■ **Records supplied**:

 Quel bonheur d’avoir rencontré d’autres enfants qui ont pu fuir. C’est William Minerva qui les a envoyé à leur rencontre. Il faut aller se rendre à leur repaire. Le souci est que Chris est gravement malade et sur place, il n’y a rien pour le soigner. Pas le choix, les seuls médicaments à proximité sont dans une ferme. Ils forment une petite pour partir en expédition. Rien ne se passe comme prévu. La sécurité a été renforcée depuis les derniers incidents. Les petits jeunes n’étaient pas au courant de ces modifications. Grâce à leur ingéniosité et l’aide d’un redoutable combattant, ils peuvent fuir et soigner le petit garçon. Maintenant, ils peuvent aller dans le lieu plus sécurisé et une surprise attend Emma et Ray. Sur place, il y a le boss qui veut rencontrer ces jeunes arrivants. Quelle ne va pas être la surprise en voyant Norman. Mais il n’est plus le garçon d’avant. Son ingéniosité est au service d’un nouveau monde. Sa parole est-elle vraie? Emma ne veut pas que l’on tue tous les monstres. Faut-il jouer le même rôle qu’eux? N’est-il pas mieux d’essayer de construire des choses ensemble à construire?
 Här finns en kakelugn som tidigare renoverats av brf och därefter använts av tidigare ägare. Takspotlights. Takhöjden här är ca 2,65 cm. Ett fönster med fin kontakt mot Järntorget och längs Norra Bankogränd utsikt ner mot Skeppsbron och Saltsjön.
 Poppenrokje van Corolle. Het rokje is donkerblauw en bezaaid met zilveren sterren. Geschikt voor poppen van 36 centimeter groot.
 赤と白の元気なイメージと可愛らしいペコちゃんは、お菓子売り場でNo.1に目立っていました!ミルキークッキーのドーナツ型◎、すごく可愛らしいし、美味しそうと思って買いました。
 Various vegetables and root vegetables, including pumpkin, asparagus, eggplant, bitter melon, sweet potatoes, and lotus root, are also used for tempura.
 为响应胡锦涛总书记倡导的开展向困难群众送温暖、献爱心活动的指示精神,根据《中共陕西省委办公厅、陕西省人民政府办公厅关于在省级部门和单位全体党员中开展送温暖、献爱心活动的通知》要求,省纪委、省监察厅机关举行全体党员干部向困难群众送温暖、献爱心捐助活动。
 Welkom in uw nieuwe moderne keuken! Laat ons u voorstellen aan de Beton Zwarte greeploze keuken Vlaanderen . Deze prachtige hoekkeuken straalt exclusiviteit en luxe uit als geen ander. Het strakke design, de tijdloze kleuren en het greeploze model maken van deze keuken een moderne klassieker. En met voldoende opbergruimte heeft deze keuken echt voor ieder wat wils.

■ **Action item**: Every line that contains the string "voor" should be copied from the entries.

■ **Written answer**:
 Poppenrokje van Corolle. Het rokje is donkerblauw en bezaaid met zilveren sterren. Geschikt voor poppen van 36 centimeter groot.
 Welkom in uw nieuwe moderne keuken! Laat ons u voorstellen aan de Beton Zwarte greeploze keuken Vlaanderen . Deze prachtige hoekkeuken straalt exclusiviteit en luxe uit als geen ander. Het strakke design, de tijdloze kleuren en het greeploze model maken van deze keuken een moderne klassieker. En met voldoende opbergruimte heeft deze keuken echt voor ieder wat wils.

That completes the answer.